OBJECT AND REPRESENTATION OF SELF
My object is my pair of running shoes. This pair of shoes has been with me for 4 years and it has been my buddy through my best and worst times. I had ankle issues since young and a good pair of running shoes were essential to provide support and stability when I exercise and when I go for adventures.
I love running and one of the highlight of my life was running my first half marathon. My running shoes were my partners in crime as it guided me safely through the half marathon and subsequently the second, the third and so on.
My running shoes follow me everywhere I go, braving through every adventure together. Slinging my shoes in this manner kind of resembles the action of carrying a rucksack. I love to go on adventure and I need my shoes with me if I do so. I shot it with a deep focal blur with my back against the camera to show the idea of “me and the shoe against the world”.
Even when I am resting, my shoes will still do its best to protect me by allowing me to put my feet on top of it, regardless of the terrain. The reason why I placed my feet in such a manner is to show the scar which represents the ankle issues I have. Hence this shows my reliance I have towards my shoes; I need it.
Through different weathers, conditions and terrains, this pair of shoes has done its best to protect me. It has been 4 long years, and the wear and tear can be seen clearly on the shoes. For this image, I applied a darker tone with the use of a grey background and low lighting to create a very moody setting to symbolize the parting between me and my shoes. I purposely focus on the hole to emphasize on the battle scars my shoes received while protecting me.
Although it is just a pair of running shoes, it painted a huge part of my life. It has been 4 great years, and you have serve me well. A tribute to the best running shoes. Thank you.
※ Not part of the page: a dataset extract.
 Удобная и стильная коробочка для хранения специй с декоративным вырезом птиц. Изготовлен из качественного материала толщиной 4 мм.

A place that is significant to me is my home, my room which I have been staying in for 20 years. My room makes me feel comfortable and safe from the outside world, it also serves as a place for me to rest my body and soul and to regroup myself from reality. It is also a place for me to think for ideas and reflect about life.
I like being neat and tidy and like to keep things simplistic. When you walk into my room, the only features visible are my closet, my bed and my study table.
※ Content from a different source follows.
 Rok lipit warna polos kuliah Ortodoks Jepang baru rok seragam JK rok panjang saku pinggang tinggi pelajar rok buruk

My bed is my favourite feature in the room and the reason is obvious – sleep. Sleep is everyone’s favourite thing, nobody dislikes sleep. I like to sleep because I can rest and because I can dream. I love dreams and I love dreaming as it enables me to escape from the real world and create my own world. Personally, I am a heavy thinker and my bed is where my thought processes runs the craziest. Sometimes I think too much to the point that I could not sleep and just start staring at the ceiling light.
My room is also a product of negative and depressing thoughts. I like staying in my room, but sometimes the more I stay in my room, the more I feel that my room is like a cage and keeps me thinking that my life is not interesting. Very slowly the feeling of being bounded starts creeping up on me. The irony in that is that the inner me seeks for thrills and adventure of the outside world but at the same time I crave for the sense of safety and comfort.
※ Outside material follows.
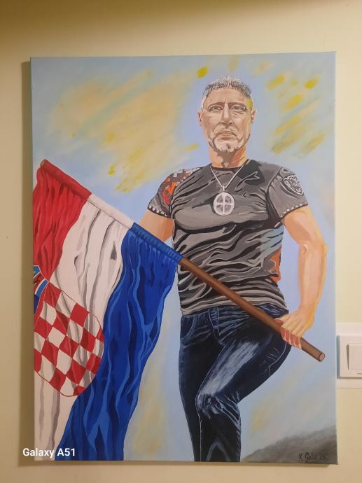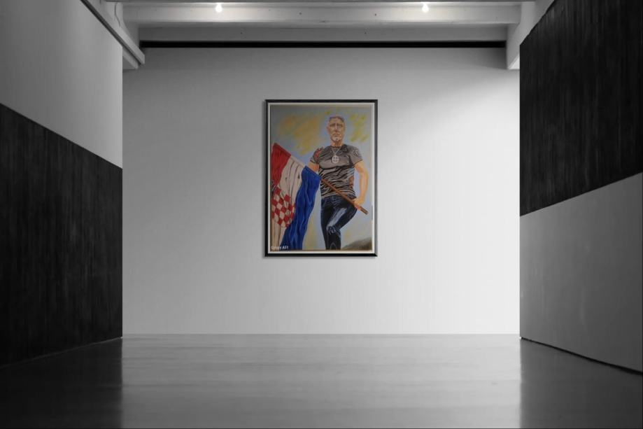 Original portret na platnu, rađen tehnikom akrila. Impregniran lakom.

The best way to describe my feeling I have of my room will be the song “The Big Ship” by Brian Eno. The following is quoted from David Foster Wallace, an American writer, on the song “The Big Ship”.
“This song is making me feel both warm and safe, as though cocooned like a little boy that’s just been taken out of the bath and wrapped in towels that have been washed so many times they’re incredibly soft, and also at the same time feeling sad; there’s an emptiness at the centre of the warmth like the way an empty church or classroom with a lots of windows through which you can only see rain in the street is sad, as though right at the centre of this safe, enclosed feeling is the seed of emptiness.”